> **The task**
Write the listing out again exactly as it stands, with no images.
*** Data ***
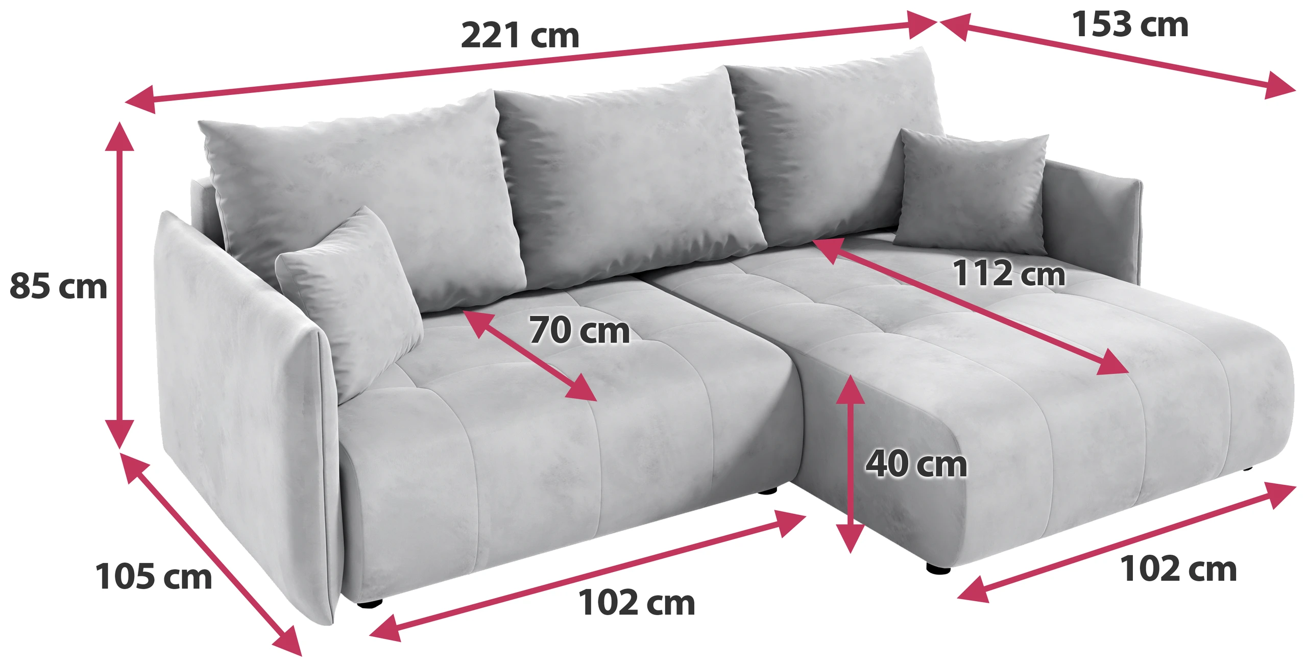 Das Ecksofa kann für eine links- oder rechtsseitige Konfiguration angepasst werden, wodurch es sich perfekt an die Form und Größe des Raums anpassen lässt. Vielseitigkeit und Anpassungsfähigkeit in einem.
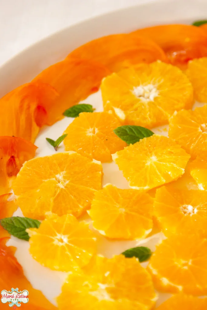 Te aconsejo que busques las frutas de temporada. En mi caso preparé un platón con naranjas y mandarinas en rodajas y rebanadas de persimmon.
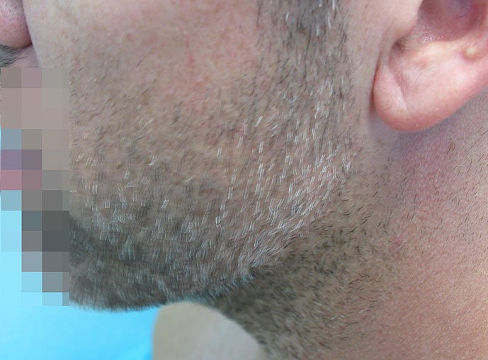 The result at 1 year after the last surgery is a fuller look with still a pristine back and sides of the head which is not overharvested and devoid of a strip scar that could have limited his hair styling options significantly. With this procedure, the patient is able to sport a crew cut without the fear of exposing a linear scar, yet he still is left with an ample supply of head and body donor hair for any touch ups or to address future progression of baldness.
*** End of Data ***
> **Written answer**
 Das Ecksofa kann für eine links- oder rechtsseitige Konfiguration angepasst werden, wodurch es sich perfekt an die Form und Größe des Raums anpassen lässt. Vielseitigkeit und Anpassungsfähigkeit in einem.
 Te aconsejo que busques las frutas de temporada. En mi caso preparé un platón con naranjas y mandarinas en rodajas y rebanadas de persimmon.
 The result at 1 year after the last surgery is a fuller look with still a pristine back and sides of the head which is not overharvested and devoid of a strip scar that could have limited his hair styling options significantly. With this procedure, the patient is able to sport a crew cut without the fear of exposing a linear scar, yet he still is left with an ample supply of head and body donor hair for any touch ups or to address future progression of baldness.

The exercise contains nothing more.